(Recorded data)
□ □ □ □ □ □ □
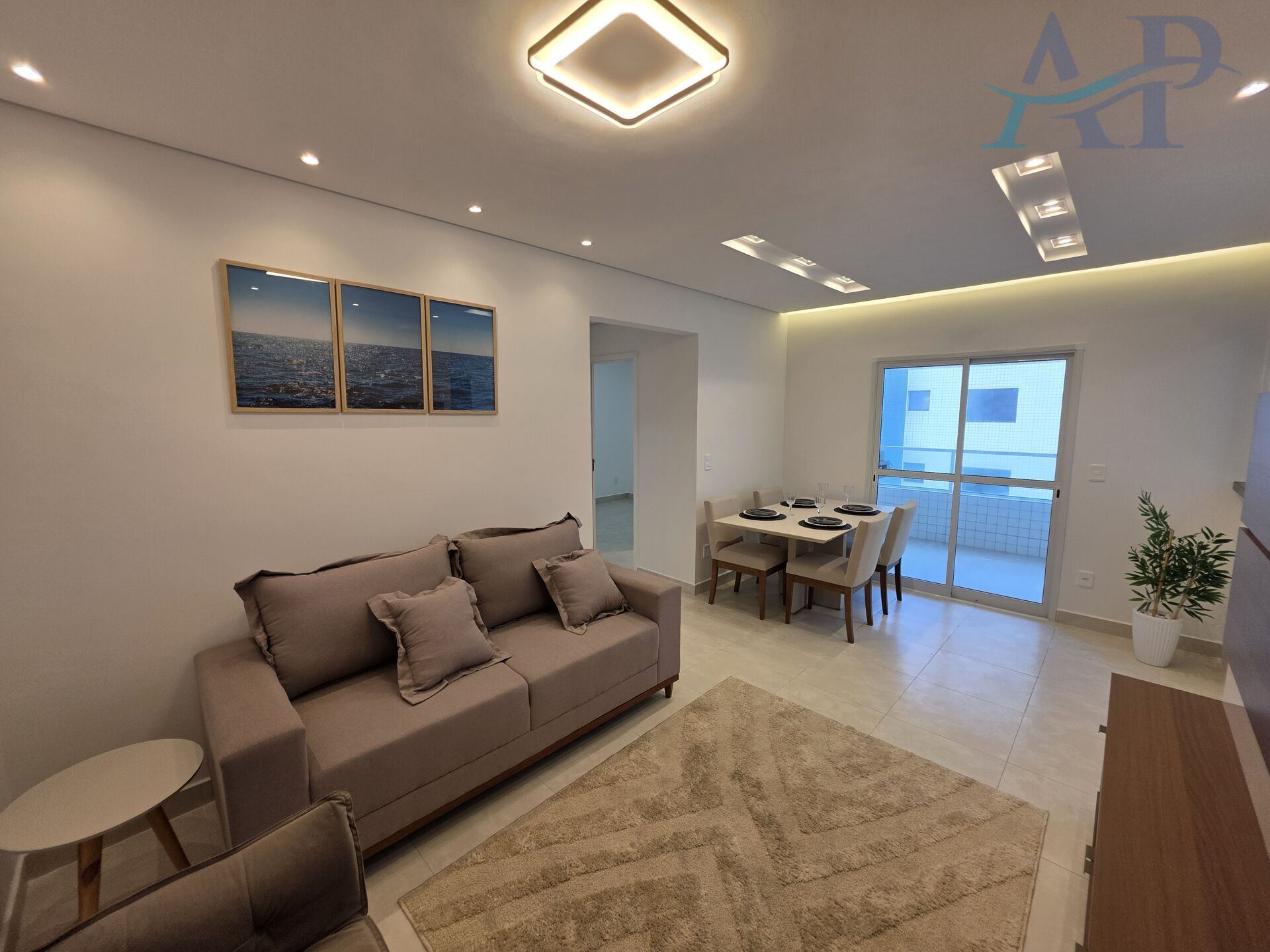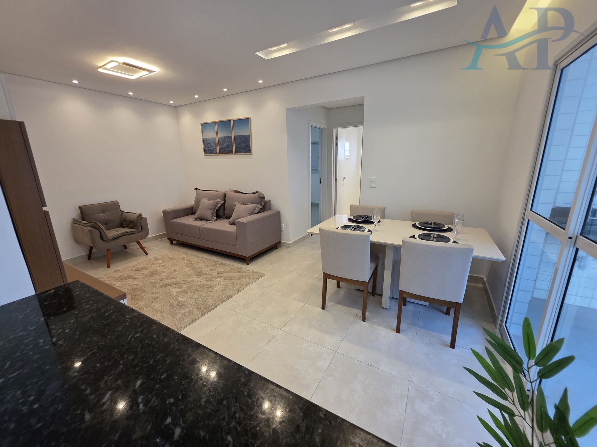 Semimobiliado, teto rebaixado no gesso, iluminação moderna e já com fechamento de sacada.
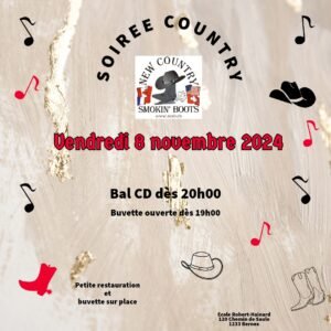 Le Vendredi 08 Novembre 2024, Soirée Country des *New Country Smokin’Boots*, à 20h00, Ecole Robert Hainard, 120, Chemin de Saule, à Bernex (1233) Suisse.
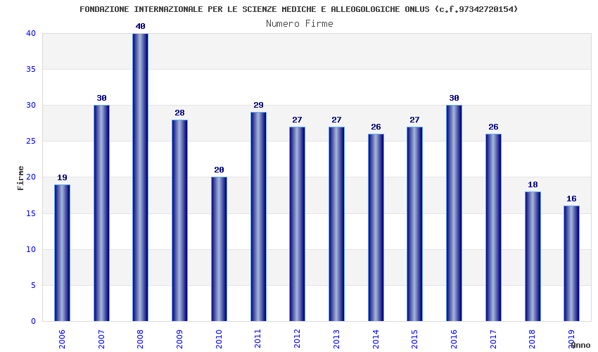 | Anno | Firme | Importi | Media | Naz. | Reg. | Prov. | Comu. |
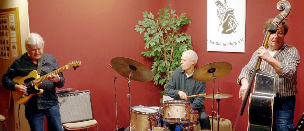Der Gitarrist Hans Jürgen Gessinger und der Schlagzeuger Ted Glöckler waren vor mehr als zwanzig Jahren mit der Jazzrockband Trivial europaweit unterwegs. Als der Bassist Thomas Schilling, der vor dreißig Jahren mit der Frankfurt City Blues Band auf großen europäischen Festivals spielte, auf die beiden traf, entfachte er ihre Spielfreude und Kreativität wieder, und es entstand nicht unbedingt was gänzlich Neues, aber mit ihrer Erfahrung aus zwischenzeitlich unterschiedlichsten Musikrichtungen gelingt es ihnen gemeinsam gängige Jazzstandards auseinander zu rupfen und in ungeahnte Kostüme zu kleiden, ohne in platten, abstrakten Jazz zu verfallen. Der Zuhörer bleibt in dem Genuss des harmonischen Ganzen.                                     An der Gitarre Hans-Jürgen Gessinger, Ted Glöckler am Schlagzeug und am Kontrabass Thomas Schilling.
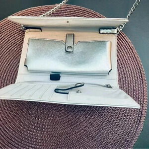 This bag has enough room for cellphones and a spot to your charger cord. The size is she has minor signs of wear and made of textured faux leather. This bag has a
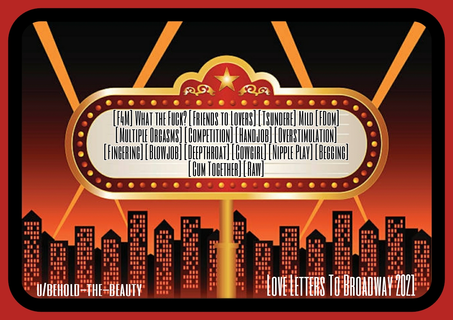 | - | Love Letters To Broadway, Day Six [F4M] What The Fuck [Friends to Lovers][Binaural][Tsundere] Mild [FDom][Multiple Orgasms].m4a | 35609941 | 2022-12-09 16:08:34 |
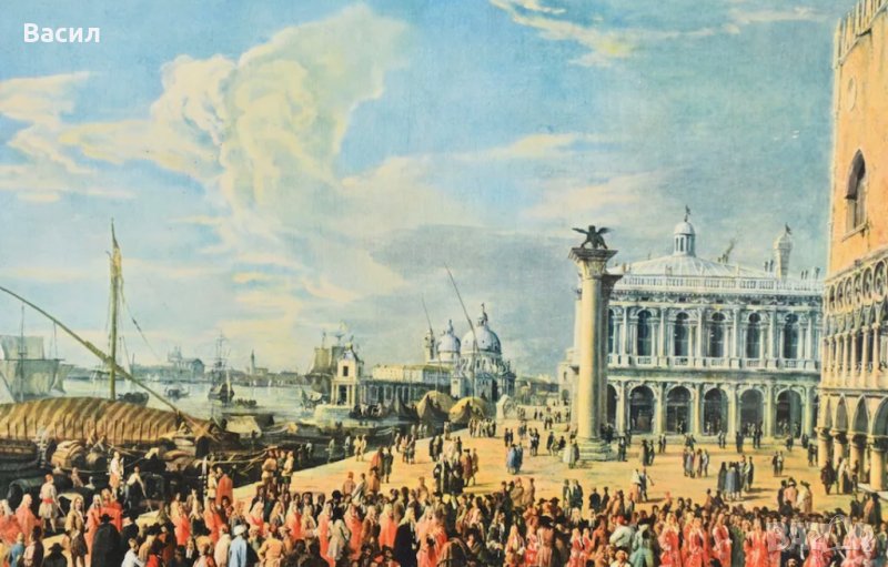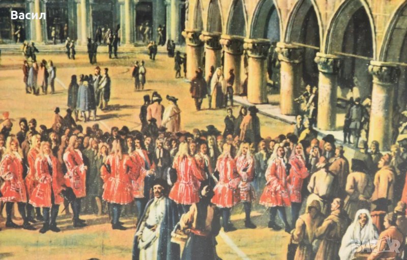 литография, пред Двореца на дожите във Венеция, от Лука Карлеварис В рамка зад стъкло. Състояние,отлично
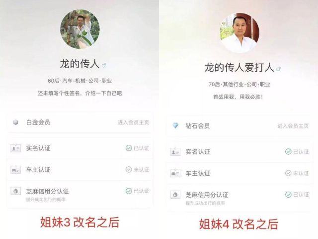 本来一个个都是“小仙女”“小公主”“小可爱”们,画风一改,突然变成了“退伍军人”、“拳击馆馆长”、“龙的传人”…… 这大概是姑娘们能想到的最具安全感形象了,大多数人把名字和职业都改成了这些,并且配上了外表很刚硬的中年男子照片,以求平安。
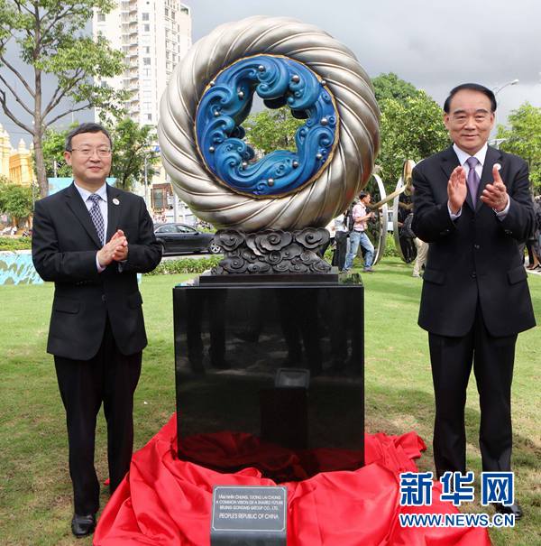 11月9日,在越南峴港APEC公園,中國外交部副部長李保東(右)、商務(wù)部副部長王受文(左)共同為中國贈送的雕塑作品《和夢同圓》揭幕。作為2017年亞太經(jīng)合組織(APEC)領(lǐng)導(dǎo)人會議周的一部分,越南峴港APEC公園9日正式開放,展示21個成員經(jīng)濟(jì)體藝術(shù)家創(chuàng)作的雕塑。新華社記者李鵬攝
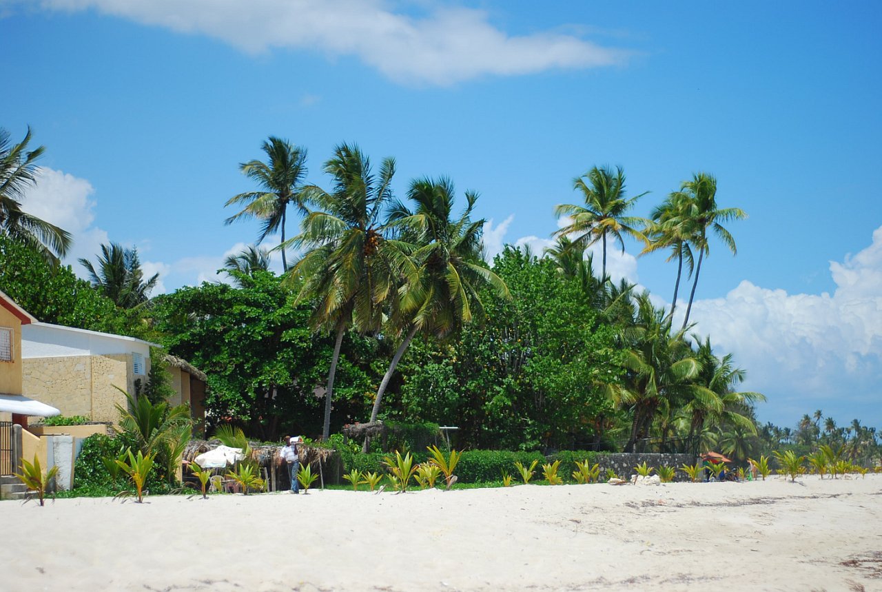 Если выехать из Санто Доминго, то буквально через 10 минут мы выезжаем на трассу, ведущую на мой любимый пляж Хуан Долио, до которого ехать совсем недолго. Всего 40 минут и вы на безумно красивом пляже с белоснежным песком, высокими пальмами и волшебно-красивым морем. Хуан Долио (Juan Dolio) расположен на юго-востоке острова, на полпути от Санто-Доминго в Ла Романа. Это небольшой курортный поселок с трех- и четырехзвездочными отелями, большинство из которых расположено на первой линии. Надо отметить, что туристов в Хуан Долио очень и очень мало, этот городок не идёт ни в какое сравнение с Пунта Каной, где яблоку упасть негде. Люблю Хуан Долио именно за великолепные пустынные пляжи, уютные апарт-отели, небольшие пиццерии и ресторанчики на самом берегу моря. Поездив по всему острову, пришла к выводу, что Хуан Долио это идеальное место для отдыха, но это лично моё мнение.
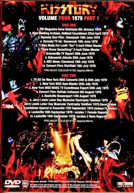 Following the October 2025 death of founding KISS guitarist Ace Frehley, this ultimate video compilation, Part 1 of the fourth installment, features two hours and four minutes of rare footage from the 1979 release of “Dynasty,” all masterfully compiled and compiled by an international KISS researcher using cutting-edge equipment. Due to the significant amount of footage remaining from the “Dynasty” era, which constitutes “Volume Four,” the compilation is divided into Parts 1 and 2, chronologically collating various rare footage, including TV appearances, tour performances, and live shows. Part 1 begins with the album promotional video, followed by tour reports and interviews, as well as fragmented but valuable pro-shot live footage. The footage from the New York and MSG concerts that year, both of which were leaked from TV broadcast sources, is of exceptional quality. This compilation also includes live 8mm footage from the band’s US tour and a charity TV program hosted by Jerry Lewis, making it a one-of-a-kind collection of footage that is too short to be released individually.It is a permanent compilation item that condenses a wide variety of records that are different from ordinary video works. Disc 1 : 1. PM Magazine Gene Simmons 8th January 1979 (* interview on Gene’s solo album.) 2. Kiss Meeting Arnhem, Holland Countdown 22nd April 1979 (* Master of Dutch TV Veronica’s Countdown on the very first KISS Convention ever) 3. Dynasty Tour Film : Savannah 19th June 1979 (Pro shot reel to promote the tour straight off the master tape) 4. Dynasty TV Ad : Savannah 19th June 1979 5. I Was Made For Lovin’ You 2” Master 6. Sure Know Something 2” Master (The videos for the two US singles from the Dynasty album directly of 2” video masters) 7. Greensville TV Report 26th June 1979 (Report with great footage off master) 8. Kidsworld: Atlanta 30th June 1979 ( KISS interview by a kid backstage in Atlanta.) 9. ABC News: Cleveland 18th July 1979 (Excellent off master VHS report on ABC’s 20/20 News on the KISS Business and the concert in Cleveland with superb footage.) 10. Concert Film: Richfield 19th July 1979 (Stunninh footage of the Cleveland concert.) Disc 2 : 1. TV AD for New York MSG Concerts 24th & 25th July 1979 (Off master VHS TV AD for the Return of Kiss) 2. New York MSG Raw Master 25th July 1979 (Raw TV master of all the footage shot at MSG including three complete songs.) 3. New York MSG WABC TV Euewitness Report 25th July 1979 (The actual TV broadcast of the previous footage) 4. Concert Film: Buffalo Coliseum 8th August 1979 (beautiful footage shot of the Buffalo show off master) 5. Nashville Newsreport 14th August 1979 (off master newsreel) 6. Jerry Lewis Labor Day Muscular Dystrophy Telethon (Kiss charity reel for Muscular Dustrophy) 7. Muscular Dystrophy Telethon (different charity reel) 8. Countdown Special In Knoxville 12th September 1979 :Holland TV Master (Off Master interview with the full band on Dutch TV’s Veronica’s Countdown) 9. Louisville 16th September 1979 : version 1 Female Reporter 10. Louisville 16th September 1979: version 2 Male Reporter (Both reels of the Louisville show off master with beautiful live footage) PRO-SHOT COLOR NTSC Approx.124min.
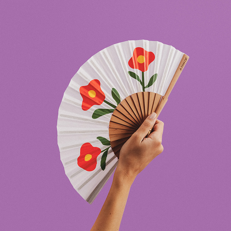 Abanico Artesanal con Diseño floreal y serigrafia – 100% Made in Spain
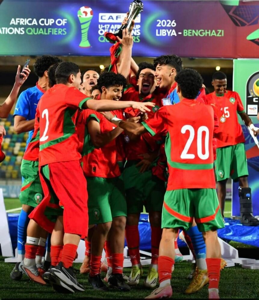 فرحة اشبال الاطلس بالتتويج بكأس بطولة شمال افريقيا لكرة القدم لأقل من 17 سنة بعد الفوز الرابع على التوالي وتحقيق العلامة الكاملة ضد منتخب ليبيا صاحب الارض والجمهور بنتيجة (1\3) على ارضية ملعب بنغازي بليبيا
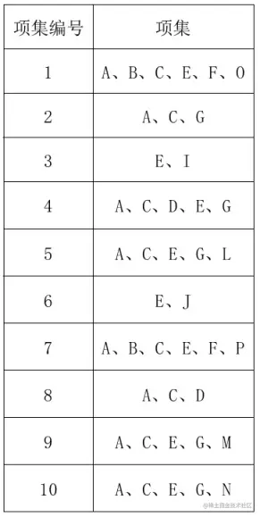 确定支持度阈值后,支持度低于这一标准的项将作为不常见的项被过滤掉,也就不会参与到后续的分析步骤中。 在上文的案例中,鸡蛋便是被过滤掉的不频繁项。
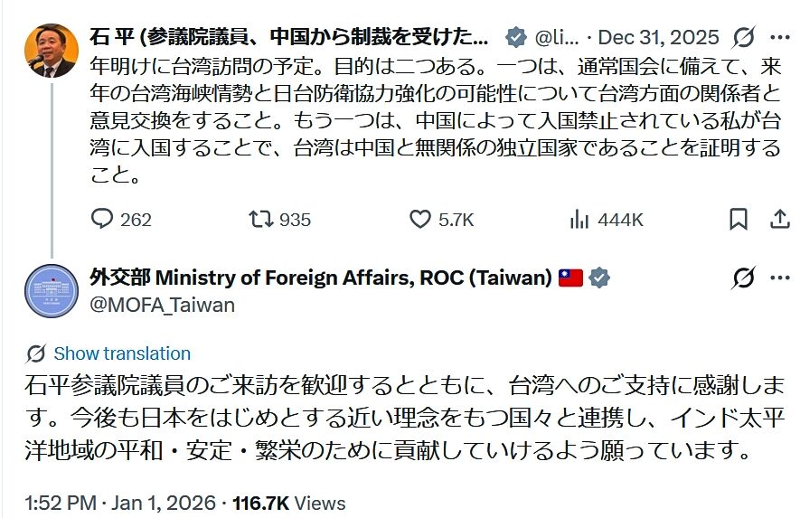 もっとも、台湾の外交部は以下のように、石平さんの訪台を歓迎する投稿を以下のように行っています。
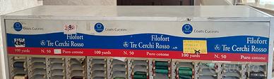 Vendo mobile da esposizione originale Coats Cucirini, modello “Filofort Tre Cerchi Rosso”.
□ □ □ □ □ □ □
Exercise objective.
Please repeat, exactly as written, the lines in the records above, starting with the one that has "литография, пред Двореца" and going on through the one that has "11月9日,在越南峴港APE". Pictures are to be left out.

Response box.
 литография, пред Двореца на дожите във Венеция, от Лука Карлеварис В рамка зад стъкло. Състояние,отлично
 本来一个个都是“小仙女”“小公主”“小可爱”们,画风一改,突然变成了“退伍军人”、“拳击馆馆长”、“龙的传人”…… 这大概是姑娘们能想到的最具安全感形象了,大多数人把名字和职业都改成了这些,并且配上了外表很刚硬的中年男子照片,以求平安。
 11月9日,在越南峴港APEC公園,中國外交部副部長李保東(右)、商務(wù)部副部長王受文(左)共同為中國贈送的雕塑作品《和夢同圓》揭幕。作為2017年亞太經(jīng)合組織(APEC)領(lǐng)導(dǎo)人會議周的一部分,越南峴港APEC公園9日正式開放,展示21個成員經(jīng)濟(jì)體藝術(shù)家創(chuàng)作的雕塑。新華社記者李鵬攝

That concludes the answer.